How Lean Thinking Can Help Minimize the Great Resignation
This blog was inspired by a topic that came up in our recent webinar, How to Become Lean and Mean: Scaling Agile. You can listen to the full recording on our podcast.
The internet is full of headlines about the “Great Resignation” and how the last few years have inspired many people to rethink their relationship with work.

Why are employees quitting or detaching? The answer is not as simple as higher compensation or better offers.
A recent Gallup article stated it succinctly:
“It’s not an industry, role or pay issue. It’s a workplace issue.”
And the costs for employee disengagement can be immense:
Gallup calculated that disengaged employees cost their organization 34% of salary. An average of 17.2% of employees are disengaged. For a 5,000-person company, this costs $17.5m. Unreasonable expectations top the list of disengagement.
According to SHRM, “The cost of replacing a high-level technical employee is about $76,250. This includes loss of efficiency, sunk cost, recruitment fees, onboarding and hiring costs, etc.”
This time of disruption provides a moment to reflect on how companies operate, lead, and manage their employees, and which aspects of our workplace keep employees engaged.
What makes this a great place to work?
What gets our employees excited about doing their jobs each day?
What parts of our culture are mission-critical, and what elements aren’t necessary to be great moving forward?
When it comes to software development, some answers can be found in the lean mindset principles contained within the Lean Portfolio Management (LPM) framework.
Joshua Jack, Vice President of Professional Services at MATRIX, explains:
“Traditionally in development, you had a PMO who planned out a body of work. Then when you got to a certain point, you send that to a build team. Then hand it to run team. Each one of those are so separate that people in build and run never saw impact on portfolio. This very siloed approach created a certain detachment on the team about the value of what they were producing."
“By contrast, by applying LPM principles, you get rid of these isolating siloes. You create a visible body of work at the portfolio level which everyone can see and react to. You can apply Kanban principles to portfolio with things like tracking and limiting work in progress. Looking at processes to lean them out and eliminate waste. By overlaying these principles, you get better engagement at portfolio level.”

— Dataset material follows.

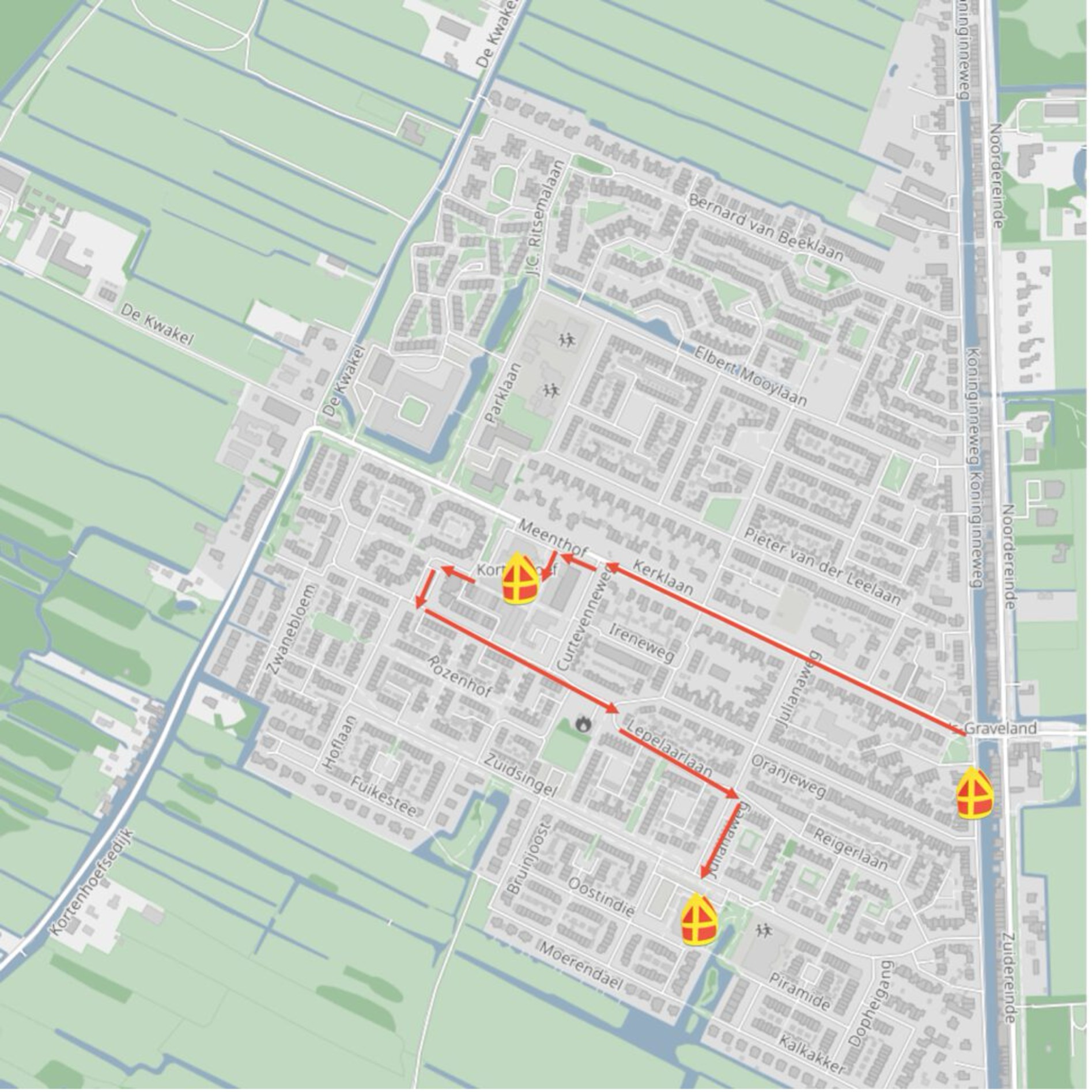 Rond 12.00 uur Aankomst per boot bij de hoek Oranjeweg – Emmaweg

Specifically, LPM thinking:
Elevates transparency of work
Provides constant feedback from marketplace on what is valuable
Scales back features allowing practitioners to pivot and respond quickly
Brings team level of satisfaction that their work is being seen, used, and valuable
Allows teams and individuals to understand the direction and North Star of the company and to provide solutions within that framework
Business behavior experts Aubrey Daniels concur about how creating a shared sense of winning helps engagement:
“Organizations need to develop clear paths for employees to learn, develop, and help the organization be successful. Clear communication around winning can increase the reinforcing value of achieving results. Other ways to increase the value around achieving results include having employees select what results they want to focus on or setting goals that are aligned with the organization’s strategic initiatives.”
Worried about your workers leaving?
Lean thinking is one big way to keep them engaged, valued, and productive.